The New Altar of Molech
Molech was an Ammonite deity who represented masculinity and the part that man played in reproduction to bring about life, and his consort was Ashtoreth, a female deity of fertility. Canaanites, Philistines and other people in North Africa worshiped these deities and offered their first born children as live sacrifices to Molech. Ashtoreth was worshiped through shrine prostitution and other ritualistic sex acts. The altars of Molech were statutes made of brass and were heated from the inside, so that when children were placed in the arms of statute, they would burn alive and would then be engulfed by flame. The parents then earned divine favor from Molech in exchange for their child’s life.
I think so often of this image when women within this modern religious movement must willingly bury their talents and their gifts and even their identity as fully human in the eyes of God. They are said to be the indirect and derivative of man, so they are of lesser essence. Their sole purpose is also lesser as they were created for man’s use. They are told that they must sacrifice all to make their religious system work through servility which they must accept with grace and joy.
Like the parents who took their firstborn children to the altar of burning brass as they stood as drums drowned out the voices of their child’s screams, women like Anna Duggar are called to crawl up on the altar of the traditions of men in an act of worship to an ideology that promises to save them.

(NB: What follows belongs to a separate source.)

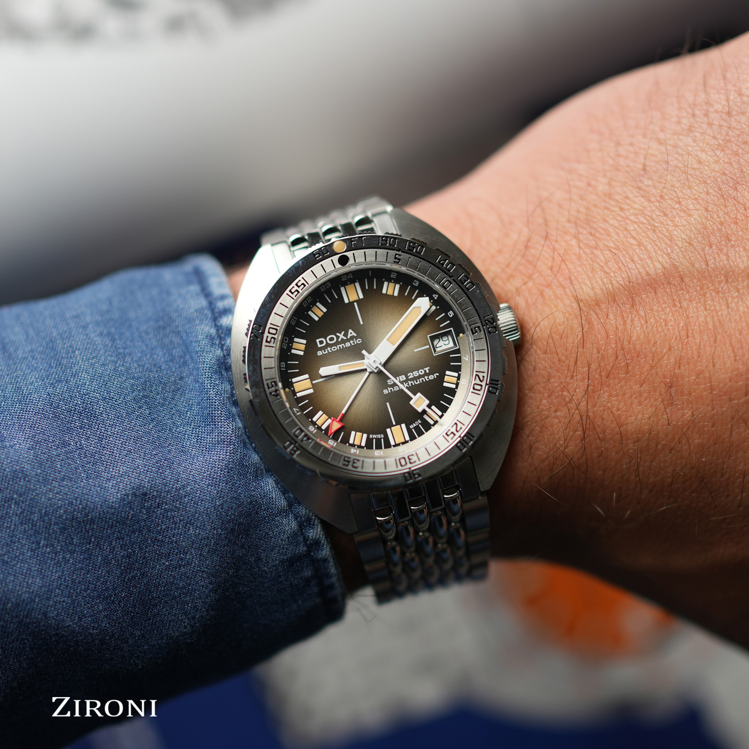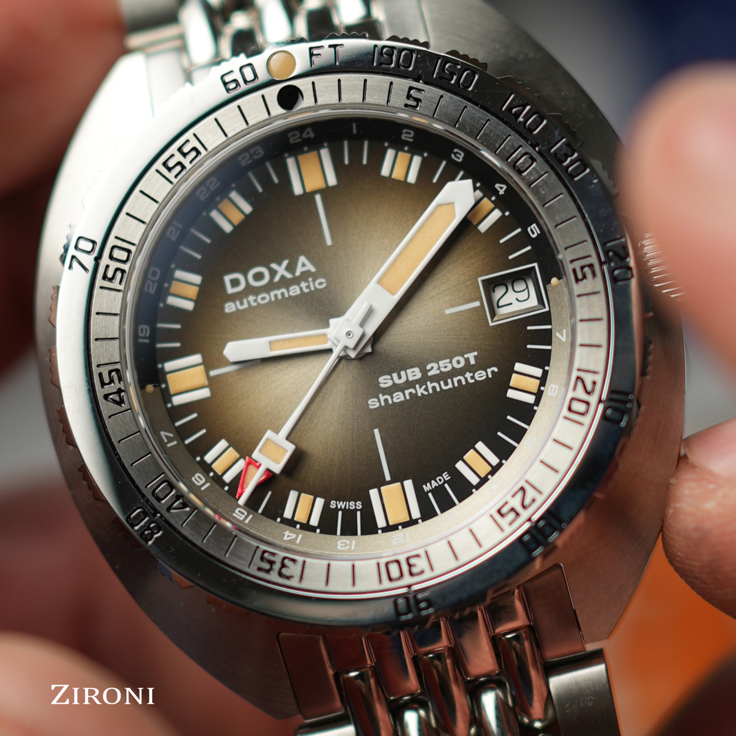 Il SUB 250T GMT segna il ritorno di DOXA alla funzione GMT, combinando la robustezza di un orologio da sub con la funzionalità del fuso orario. Il suo case in acciaio inox da 40 mm garantisce un perfetto equilibrio tra presenza al polso e comfort, mentre la corona a vite e la lunetta unidirezionale con scala per immersione offrono prestazioni da professionista. Con una resistenza all'acqua di 250 metri (820 piedi), è progettato sia per l'esplorazione subacquea che per i viaggi internazionali.

Who do the Duggars really worship? Is it the altar of a foolish consistency for their own brand, or has Bill Gothard’s version of truth completely eclipsed the simplicity of the Gospel? How is this magical thinking not an example of “spread your legs theology” ? How does any of it glorify God?
My Grief and Hope for Anna Duggar
How my heart aches for Anna and her children. I cannot help but think of this image as I read about Josh’s continued actions. I know well the way divorce — even divorce that is allowed in the Bible because of adultery — is vilified. She was likely seen as the “cure” what would heal Josh of his sexual deviance. The theology that blames women for every sin back to the beginning of the Fall of Man, and like Eve, she has failed. I know it what will happen. I have seen it. I have watched it destroy people and crush them.

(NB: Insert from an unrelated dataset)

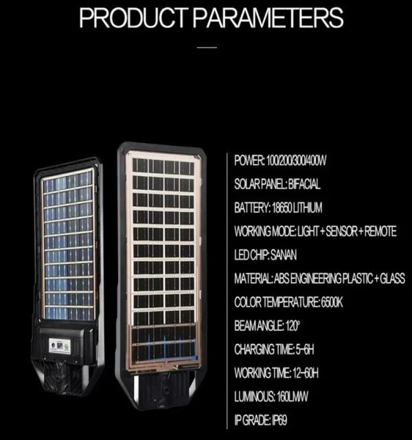 2023 New led lights Solar Street Light All in One Integrated Street Lamp with Double Sided Solar Panel Super Thin Bifacial Light LED

I want to tell Anna to run from the brass arms of the idol that has been built in the name of a family because of the empty promises of a deluded, sick man who is also a sex abuser — Bill Gothard. I want to protect her somehow from the burning that will be sold to her as the purifying of her soul as opposed to an unholy sacrifice to a cultic theology of fantasy. I want to tell her to take her children and run as far as she can from the fire, but I doubt that she will. She loves the ideal to which she has pledged her life. As is true of any young wife, despite what has happened, I know that she loves her husband and the father of her children. But I also know that she loves a fantasy that she’s been forced to accept.
I can pray. I can write about how, from my perspective, she’s worshiping a hollow tradition that has made empty promises to her. How I pray that when the burdens of that life to which she’s bound so tightly become too heavy that she will ask God to show her how her burdens can be made light and how her soul can find gentle rest in Him! Perhaps then, she may somehow find her way to these words and will take them to heart, and the God of all comfort will reveal Himself to her in strength. Deliver her, Lord — soon! May it be sooner than I can imagine.